#### [The task]
Everything from the line containing "6、这里可以查看小说目录,进度,可以设置界面亮度,以及设置阅读效果;" through the line containing "Upper intake manifold" should be repeated exactly, and nothing else from the data.

#### [Given records]
▼
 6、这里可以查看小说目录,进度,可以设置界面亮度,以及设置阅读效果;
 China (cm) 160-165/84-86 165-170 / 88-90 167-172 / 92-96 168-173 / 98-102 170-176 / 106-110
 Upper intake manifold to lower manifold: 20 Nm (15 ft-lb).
▲
▼
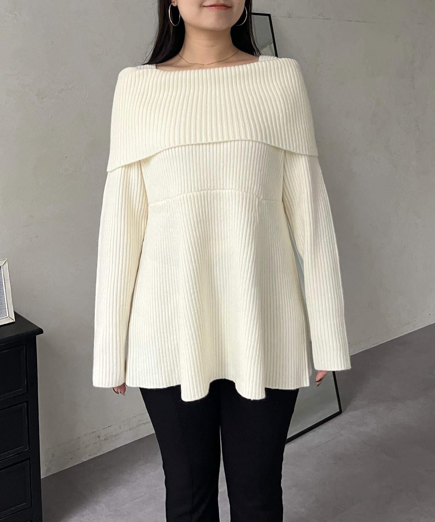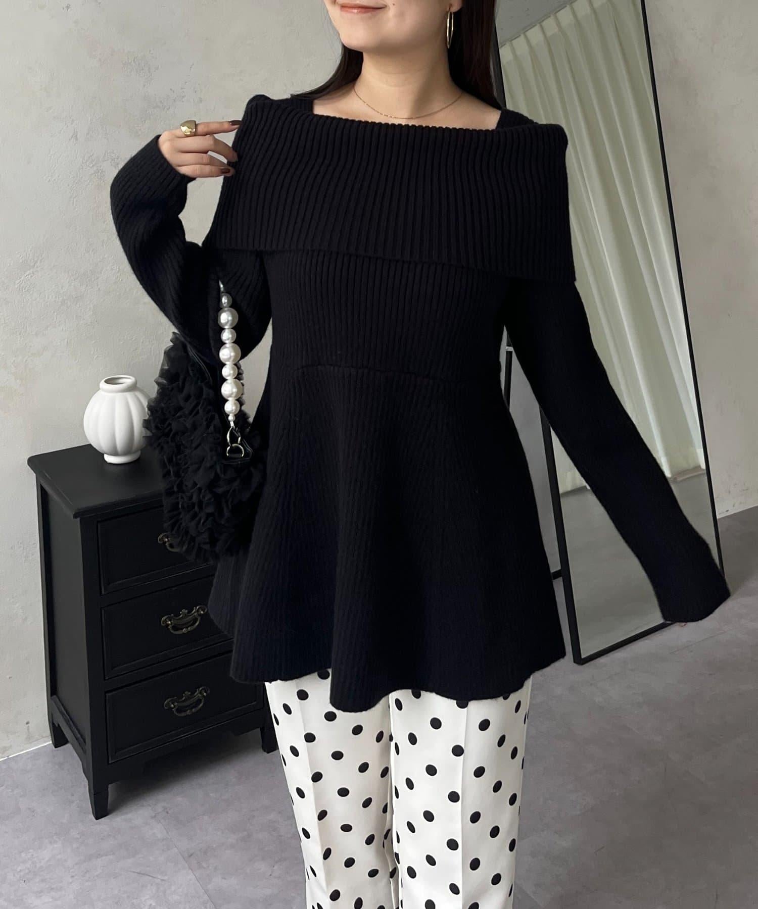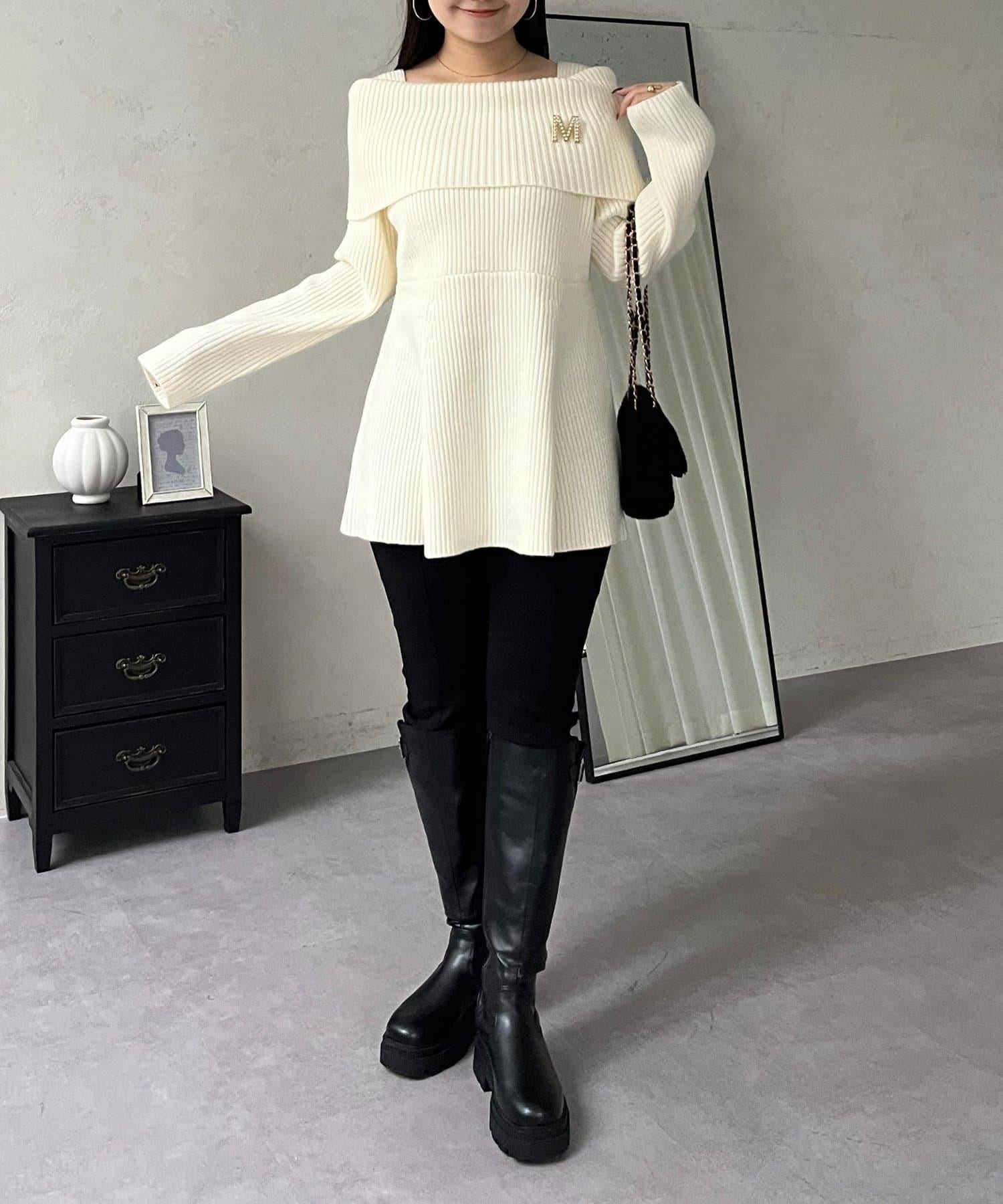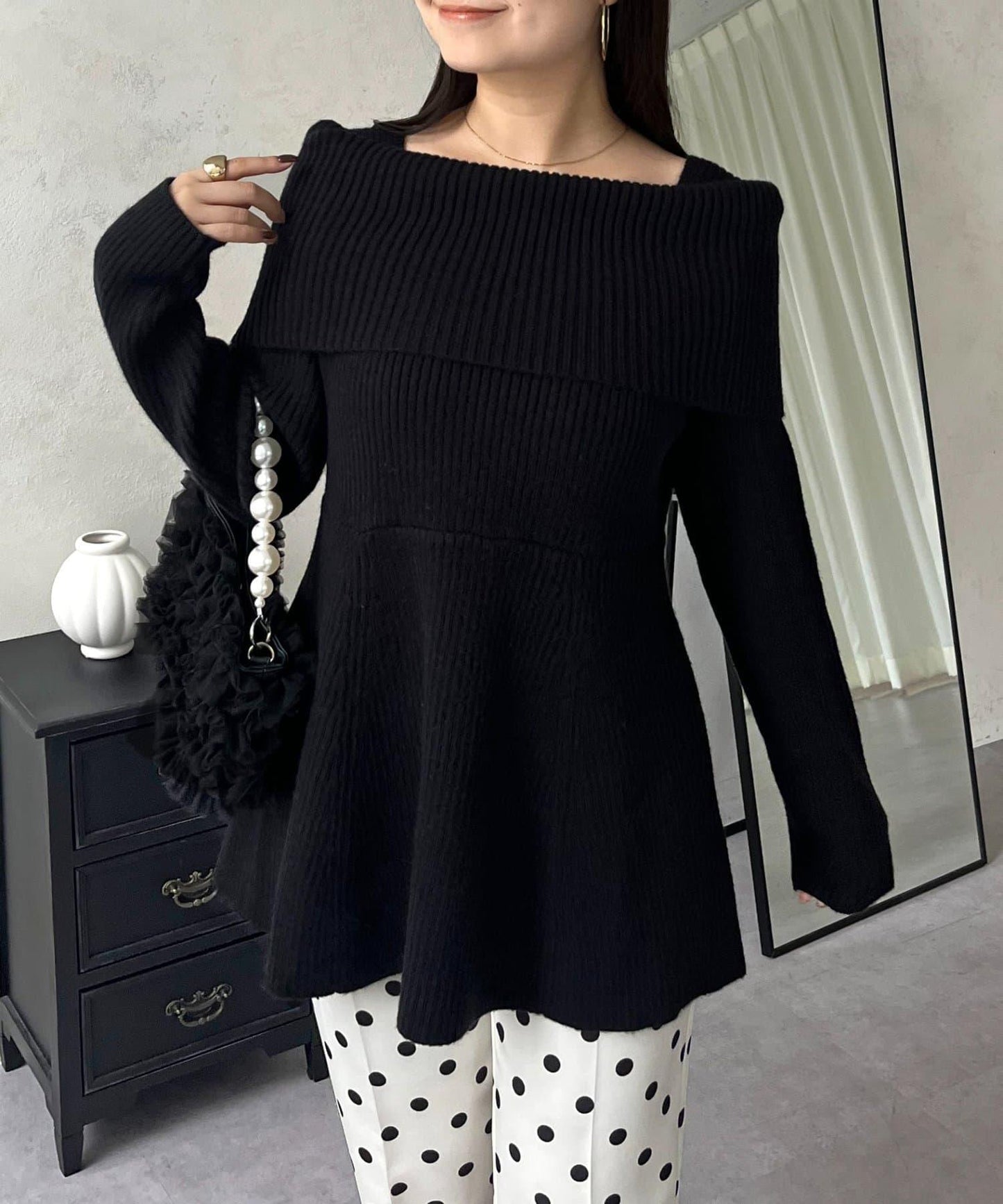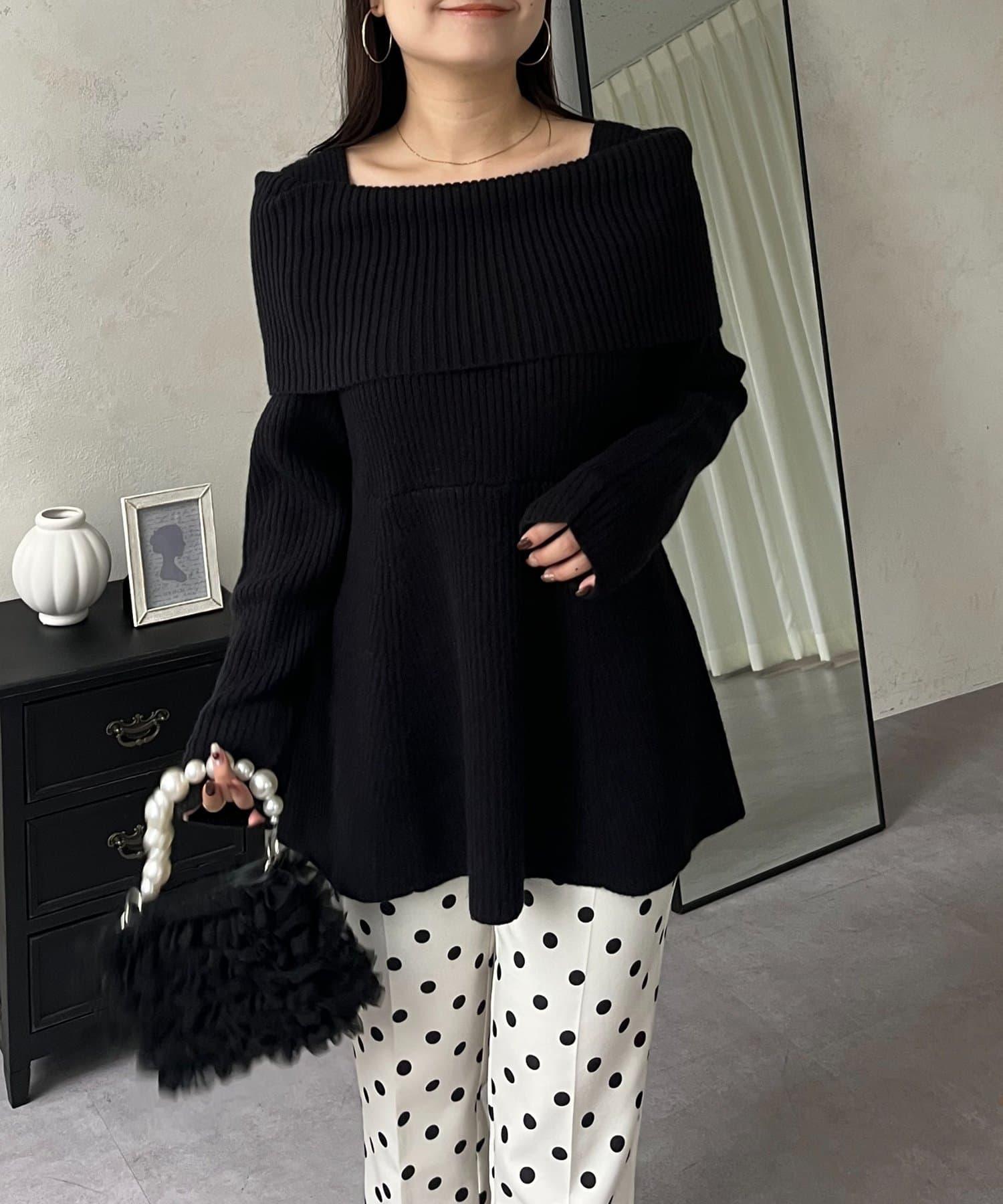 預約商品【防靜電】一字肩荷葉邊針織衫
▲
▼
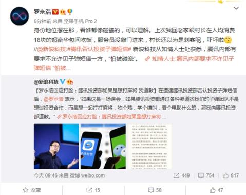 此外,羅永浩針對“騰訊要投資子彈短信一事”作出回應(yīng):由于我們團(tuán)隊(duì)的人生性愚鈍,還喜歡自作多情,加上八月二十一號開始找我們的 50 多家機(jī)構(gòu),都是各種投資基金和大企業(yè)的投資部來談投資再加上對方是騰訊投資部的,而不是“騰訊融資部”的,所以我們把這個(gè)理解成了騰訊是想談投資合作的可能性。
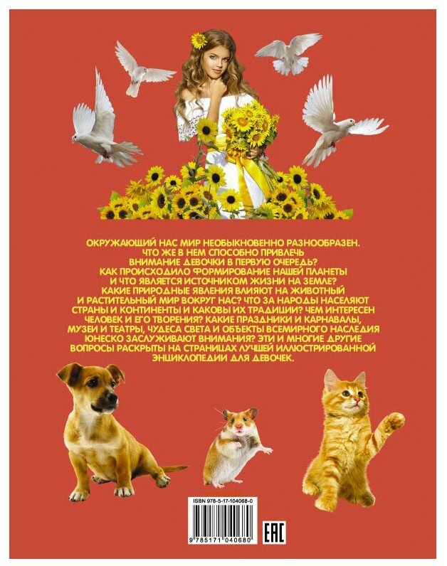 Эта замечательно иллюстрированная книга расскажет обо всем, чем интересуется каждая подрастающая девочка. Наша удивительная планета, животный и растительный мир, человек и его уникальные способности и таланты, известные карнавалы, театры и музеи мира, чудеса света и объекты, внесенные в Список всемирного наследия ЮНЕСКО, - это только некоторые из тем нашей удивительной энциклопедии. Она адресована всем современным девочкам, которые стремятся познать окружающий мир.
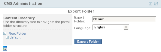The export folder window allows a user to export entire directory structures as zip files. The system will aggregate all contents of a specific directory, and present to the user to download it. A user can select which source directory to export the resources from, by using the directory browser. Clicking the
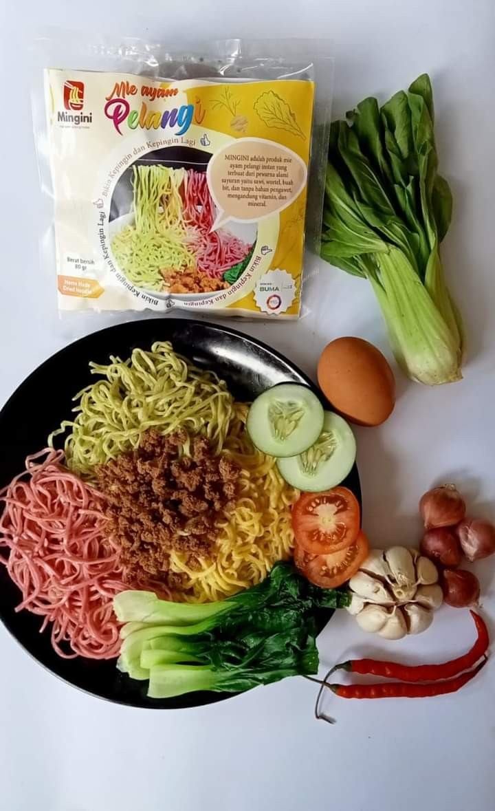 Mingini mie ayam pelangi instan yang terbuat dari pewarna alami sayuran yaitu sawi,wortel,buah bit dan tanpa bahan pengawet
▲
#### [Answer section]
 6、这里可以查看小说目录,进度,可以设置界面亮度,以及设置阅读效果;
 China (cm) 160-165/84-86 165-170 / 88-90 167-172 / 92-96 168-173 / 98-102 170-176 / 106-110
 Upper intake manifold to lower manifold: 20 Nm (15 ft-lb).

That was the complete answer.